# Experimenting with LED light



## WesternPA-collector (Apr 21, 2019)

Last night I was just trying some bottle lighting scenes and came up with this for ten of my best embossed soda bottles. From left to right, Oakland MD Coke, Whistle 6.5 ounce, Soda from Coca Cola Bottling Charleroi, Hi-Hat Brownsville PA, Howdy Connellsville PA, Bob's Premium King Size, Connellsville Bottling, Nehi Uniontown, Dr. Pepper Uniontown, and Connellsville Bottling blob-top. In the center is antique crystal ashtray from the Old Overholt Distillery. Lighting is a Neewer CN-160 LED. Taken in shutter priority mode, LED setting. There is a mirror behind them making the reflection.


----------



## Screwtop (Apr 21, 2019)

Very cool! I know all those towns too.


----------



## WesternPA-collector (Apr 21, 2019)

Screwtop said:


> Very cool! I know all those towns too.


Thanks that is impressive. Not too many do.


----------



## HeadBasher77 (Jan 6, 2020)

Good set up. I will do something in the near future.


----------



## WesternPA-collector (Jan 6, 2020)

HeadBasher77 said:


> Good set up. I will do something in the near future.


Thanks for looking and welcome to the site.


----------



## HeadBasher77 (Jan 7, 2020)

Thank you, much appreciated.


----------



## photolith (Jan 7, 2020)

Screwtop said:


> Very cool!

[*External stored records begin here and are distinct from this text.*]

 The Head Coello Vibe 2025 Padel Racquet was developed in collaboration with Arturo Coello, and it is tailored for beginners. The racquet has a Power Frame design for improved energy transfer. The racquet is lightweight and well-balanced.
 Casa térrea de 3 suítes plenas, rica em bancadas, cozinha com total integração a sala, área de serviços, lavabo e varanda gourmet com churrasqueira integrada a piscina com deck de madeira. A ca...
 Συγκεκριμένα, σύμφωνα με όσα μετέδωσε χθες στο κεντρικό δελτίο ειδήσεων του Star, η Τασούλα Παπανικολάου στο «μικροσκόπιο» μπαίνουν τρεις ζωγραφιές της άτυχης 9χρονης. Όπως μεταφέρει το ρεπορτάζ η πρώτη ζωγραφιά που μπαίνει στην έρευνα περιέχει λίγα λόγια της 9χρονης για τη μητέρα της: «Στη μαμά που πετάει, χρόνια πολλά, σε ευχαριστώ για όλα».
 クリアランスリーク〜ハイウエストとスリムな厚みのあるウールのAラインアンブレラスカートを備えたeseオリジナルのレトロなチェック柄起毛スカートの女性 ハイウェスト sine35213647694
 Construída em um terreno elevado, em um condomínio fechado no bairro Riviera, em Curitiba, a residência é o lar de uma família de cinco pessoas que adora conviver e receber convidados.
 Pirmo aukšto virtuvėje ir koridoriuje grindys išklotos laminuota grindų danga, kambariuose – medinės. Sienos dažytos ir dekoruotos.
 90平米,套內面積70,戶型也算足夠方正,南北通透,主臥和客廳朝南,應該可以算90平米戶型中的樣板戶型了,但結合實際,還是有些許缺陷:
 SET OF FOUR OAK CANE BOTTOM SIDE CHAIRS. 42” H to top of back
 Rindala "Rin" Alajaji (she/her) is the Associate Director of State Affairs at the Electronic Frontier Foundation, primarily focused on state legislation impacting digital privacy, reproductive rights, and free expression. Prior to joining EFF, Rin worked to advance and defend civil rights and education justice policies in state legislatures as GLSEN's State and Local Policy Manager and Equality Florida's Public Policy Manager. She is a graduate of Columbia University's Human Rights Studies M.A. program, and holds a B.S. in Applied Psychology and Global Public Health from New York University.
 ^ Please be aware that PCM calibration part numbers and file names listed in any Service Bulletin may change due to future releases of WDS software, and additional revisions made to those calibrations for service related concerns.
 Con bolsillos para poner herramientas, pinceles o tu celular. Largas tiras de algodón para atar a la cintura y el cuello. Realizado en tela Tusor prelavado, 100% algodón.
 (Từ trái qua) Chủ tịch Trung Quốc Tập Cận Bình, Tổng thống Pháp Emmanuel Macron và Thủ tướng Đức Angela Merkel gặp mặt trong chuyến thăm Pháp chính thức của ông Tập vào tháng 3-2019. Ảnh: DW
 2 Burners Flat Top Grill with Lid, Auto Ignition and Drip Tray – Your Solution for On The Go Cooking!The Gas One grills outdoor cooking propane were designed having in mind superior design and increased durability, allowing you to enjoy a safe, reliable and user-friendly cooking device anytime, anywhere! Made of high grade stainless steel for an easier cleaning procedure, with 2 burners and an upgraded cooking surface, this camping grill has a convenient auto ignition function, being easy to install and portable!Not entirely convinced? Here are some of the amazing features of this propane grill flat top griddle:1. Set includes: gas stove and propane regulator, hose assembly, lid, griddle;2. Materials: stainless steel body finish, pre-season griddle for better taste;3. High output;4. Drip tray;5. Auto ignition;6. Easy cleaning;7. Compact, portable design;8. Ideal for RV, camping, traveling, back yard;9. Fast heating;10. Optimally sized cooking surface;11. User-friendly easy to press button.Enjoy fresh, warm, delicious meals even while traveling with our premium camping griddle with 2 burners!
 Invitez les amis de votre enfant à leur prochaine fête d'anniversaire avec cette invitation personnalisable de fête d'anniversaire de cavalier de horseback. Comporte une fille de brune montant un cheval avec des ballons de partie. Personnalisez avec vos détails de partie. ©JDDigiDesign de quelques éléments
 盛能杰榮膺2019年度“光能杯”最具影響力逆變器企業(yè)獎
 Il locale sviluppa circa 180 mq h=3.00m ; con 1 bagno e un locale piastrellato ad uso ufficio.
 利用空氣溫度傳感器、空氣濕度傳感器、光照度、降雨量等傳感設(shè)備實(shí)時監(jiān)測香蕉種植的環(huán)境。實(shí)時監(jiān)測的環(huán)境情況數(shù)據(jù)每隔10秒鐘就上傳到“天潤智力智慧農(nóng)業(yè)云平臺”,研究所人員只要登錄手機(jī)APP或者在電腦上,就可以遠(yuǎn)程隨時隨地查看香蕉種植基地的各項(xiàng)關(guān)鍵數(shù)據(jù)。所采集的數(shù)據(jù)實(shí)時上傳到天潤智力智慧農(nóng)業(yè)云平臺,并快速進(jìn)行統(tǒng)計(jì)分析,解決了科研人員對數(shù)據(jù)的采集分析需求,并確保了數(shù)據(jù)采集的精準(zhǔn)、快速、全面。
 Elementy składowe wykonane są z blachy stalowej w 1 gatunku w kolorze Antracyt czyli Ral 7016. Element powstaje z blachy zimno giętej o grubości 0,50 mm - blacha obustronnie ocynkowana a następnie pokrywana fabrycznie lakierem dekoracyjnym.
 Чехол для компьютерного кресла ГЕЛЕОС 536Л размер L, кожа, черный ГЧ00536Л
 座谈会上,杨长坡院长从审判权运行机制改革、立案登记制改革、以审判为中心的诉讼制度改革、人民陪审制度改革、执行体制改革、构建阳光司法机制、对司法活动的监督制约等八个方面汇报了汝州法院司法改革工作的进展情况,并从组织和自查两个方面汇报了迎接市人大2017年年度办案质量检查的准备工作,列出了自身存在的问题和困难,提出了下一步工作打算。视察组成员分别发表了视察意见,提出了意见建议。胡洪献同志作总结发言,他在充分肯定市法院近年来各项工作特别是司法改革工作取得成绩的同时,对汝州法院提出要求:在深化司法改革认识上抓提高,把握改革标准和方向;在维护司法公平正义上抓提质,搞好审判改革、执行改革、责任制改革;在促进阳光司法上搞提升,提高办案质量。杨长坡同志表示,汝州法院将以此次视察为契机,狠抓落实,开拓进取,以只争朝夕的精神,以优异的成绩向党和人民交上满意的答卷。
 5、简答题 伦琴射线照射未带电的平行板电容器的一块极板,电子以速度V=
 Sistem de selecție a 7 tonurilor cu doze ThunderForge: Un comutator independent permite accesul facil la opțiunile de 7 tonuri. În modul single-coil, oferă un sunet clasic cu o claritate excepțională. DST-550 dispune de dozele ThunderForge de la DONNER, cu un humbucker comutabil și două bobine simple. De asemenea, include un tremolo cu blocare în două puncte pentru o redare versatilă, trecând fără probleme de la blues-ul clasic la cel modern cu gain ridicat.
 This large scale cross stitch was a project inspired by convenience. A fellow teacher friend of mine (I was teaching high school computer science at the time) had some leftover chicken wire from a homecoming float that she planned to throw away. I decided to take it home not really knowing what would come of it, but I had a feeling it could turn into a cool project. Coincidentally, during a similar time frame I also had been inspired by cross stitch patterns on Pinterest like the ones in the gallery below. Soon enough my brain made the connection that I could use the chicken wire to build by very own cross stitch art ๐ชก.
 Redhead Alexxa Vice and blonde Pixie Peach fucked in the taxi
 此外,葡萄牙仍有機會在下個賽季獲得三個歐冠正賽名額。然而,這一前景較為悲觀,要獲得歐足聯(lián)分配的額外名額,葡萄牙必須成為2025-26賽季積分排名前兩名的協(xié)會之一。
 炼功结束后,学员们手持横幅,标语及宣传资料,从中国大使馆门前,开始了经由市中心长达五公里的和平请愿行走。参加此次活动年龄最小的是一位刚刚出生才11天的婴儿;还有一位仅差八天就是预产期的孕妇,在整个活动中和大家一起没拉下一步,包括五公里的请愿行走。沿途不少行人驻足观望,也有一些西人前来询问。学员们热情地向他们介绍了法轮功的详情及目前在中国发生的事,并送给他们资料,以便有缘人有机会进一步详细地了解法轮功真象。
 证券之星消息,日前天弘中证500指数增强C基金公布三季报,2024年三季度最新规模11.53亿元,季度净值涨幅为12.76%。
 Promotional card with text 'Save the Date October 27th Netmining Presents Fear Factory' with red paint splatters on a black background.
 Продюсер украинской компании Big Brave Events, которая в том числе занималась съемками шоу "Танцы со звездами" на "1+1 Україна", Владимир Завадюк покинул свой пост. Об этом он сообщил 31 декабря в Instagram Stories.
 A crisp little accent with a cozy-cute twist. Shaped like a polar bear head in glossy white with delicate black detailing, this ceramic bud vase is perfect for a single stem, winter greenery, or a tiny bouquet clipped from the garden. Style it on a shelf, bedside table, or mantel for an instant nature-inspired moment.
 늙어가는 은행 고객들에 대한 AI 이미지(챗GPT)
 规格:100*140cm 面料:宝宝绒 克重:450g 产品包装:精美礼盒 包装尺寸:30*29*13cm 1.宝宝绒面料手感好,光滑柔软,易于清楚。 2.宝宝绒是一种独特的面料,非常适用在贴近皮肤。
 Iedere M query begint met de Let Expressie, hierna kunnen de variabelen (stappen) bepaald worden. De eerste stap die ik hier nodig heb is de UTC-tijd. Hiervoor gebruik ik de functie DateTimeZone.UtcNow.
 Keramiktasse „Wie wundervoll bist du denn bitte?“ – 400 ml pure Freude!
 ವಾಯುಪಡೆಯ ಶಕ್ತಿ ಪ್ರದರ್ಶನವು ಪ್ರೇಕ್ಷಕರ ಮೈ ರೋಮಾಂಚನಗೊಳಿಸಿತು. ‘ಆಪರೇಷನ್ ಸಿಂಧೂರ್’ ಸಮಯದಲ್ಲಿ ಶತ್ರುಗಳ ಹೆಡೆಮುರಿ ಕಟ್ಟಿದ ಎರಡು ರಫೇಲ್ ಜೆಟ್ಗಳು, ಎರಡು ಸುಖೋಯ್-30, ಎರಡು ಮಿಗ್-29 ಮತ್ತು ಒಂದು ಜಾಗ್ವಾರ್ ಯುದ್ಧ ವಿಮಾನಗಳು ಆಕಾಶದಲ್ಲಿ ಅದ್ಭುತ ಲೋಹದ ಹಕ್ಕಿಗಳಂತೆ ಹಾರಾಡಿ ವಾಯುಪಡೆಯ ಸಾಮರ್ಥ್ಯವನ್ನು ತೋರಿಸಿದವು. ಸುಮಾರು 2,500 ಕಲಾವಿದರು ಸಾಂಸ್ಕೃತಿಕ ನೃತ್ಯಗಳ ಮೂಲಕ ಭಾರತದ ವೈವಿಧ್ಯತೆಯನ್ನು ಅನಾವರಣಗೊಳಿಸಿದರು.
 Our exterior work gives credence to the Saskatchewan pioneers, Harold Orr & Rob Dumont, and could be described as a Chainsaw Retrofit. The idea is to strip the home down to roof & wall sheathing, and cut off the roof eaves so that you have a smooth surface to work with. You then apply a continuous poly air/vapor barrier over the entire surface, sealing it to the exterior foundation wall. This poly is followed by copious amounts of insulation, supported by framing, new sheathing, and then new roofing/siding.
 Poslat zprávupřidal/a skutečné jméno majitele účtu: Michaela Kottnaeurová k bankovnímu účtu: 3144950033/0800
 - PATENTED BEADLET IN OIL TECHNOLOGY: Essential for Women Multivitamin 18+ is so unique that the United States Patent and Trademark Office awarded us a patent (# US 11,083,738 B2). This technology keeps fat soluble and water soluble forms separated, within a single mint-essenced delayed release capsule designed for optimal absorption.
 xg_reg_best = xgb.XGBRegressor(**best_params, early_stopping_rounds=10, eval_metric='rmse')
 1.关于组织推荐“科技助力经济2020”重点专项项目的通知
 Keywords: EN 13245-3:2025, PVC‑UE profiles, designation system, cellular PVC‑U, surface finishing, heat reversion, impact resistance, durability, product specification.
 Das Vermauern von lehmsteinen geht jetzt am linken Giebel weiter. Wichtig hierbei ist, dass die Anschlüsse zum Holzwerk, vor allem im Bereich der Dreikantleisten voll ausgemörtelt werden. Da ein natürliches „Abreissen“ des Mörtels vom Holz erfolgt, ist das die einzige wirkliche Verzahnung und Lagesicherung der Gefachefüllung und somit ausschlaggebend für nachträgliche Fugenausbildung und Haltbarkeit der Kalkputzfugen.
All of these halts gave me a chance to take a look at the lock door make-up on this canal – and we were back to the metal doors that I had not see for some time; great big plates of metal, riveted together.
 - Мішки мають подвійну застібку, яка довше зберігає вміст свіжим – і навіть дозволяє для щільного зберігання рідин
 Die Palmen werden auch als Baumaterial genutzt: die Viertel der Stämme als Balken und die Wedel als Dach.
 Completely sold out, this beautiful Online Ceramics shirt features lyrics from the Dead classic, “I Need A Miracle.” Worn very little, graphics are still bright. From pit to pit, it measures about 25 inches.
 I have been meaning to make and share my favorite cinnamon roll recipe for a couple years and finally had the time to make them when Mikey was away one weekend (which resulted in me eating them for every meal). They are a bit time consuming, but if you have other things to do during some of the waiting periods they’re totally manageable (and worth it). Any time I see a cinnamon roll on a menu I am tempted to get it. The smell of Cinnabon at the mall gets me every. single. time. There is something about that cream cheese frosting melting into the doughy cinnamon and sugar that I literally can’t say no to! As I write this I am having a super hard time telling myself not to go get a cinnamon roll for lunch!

I know all those towns too.


Hey now, I know those towns very well as well  Was just in Charleroi and Brownsville last week again taking photos of bando.


----------



## Screwtop (Jan 7, 2020)

photolith said:


> Hey now, I know those towns very well as well  Was just in Charleroi and Brownsville last week again taking photos of bando.


I like Fredricktown, nice place on the river, good train watching spot, and great food at the Riviera.


----------



## WesternPA-collector (Jan 7, 2020)

I'm familiar. That's the Norfolk Southern Monongahela Line.  Mainly for coal trains.


----------



## Screwtop (Jan 7, 2020)

WesternPA-collector said:


> I'm familiar. That's the Norfolk Southern Monongahela Line.  Mainly for coal trains.




Traffic has picked up last I was there. I should probably check out Ten Mile creek...


----------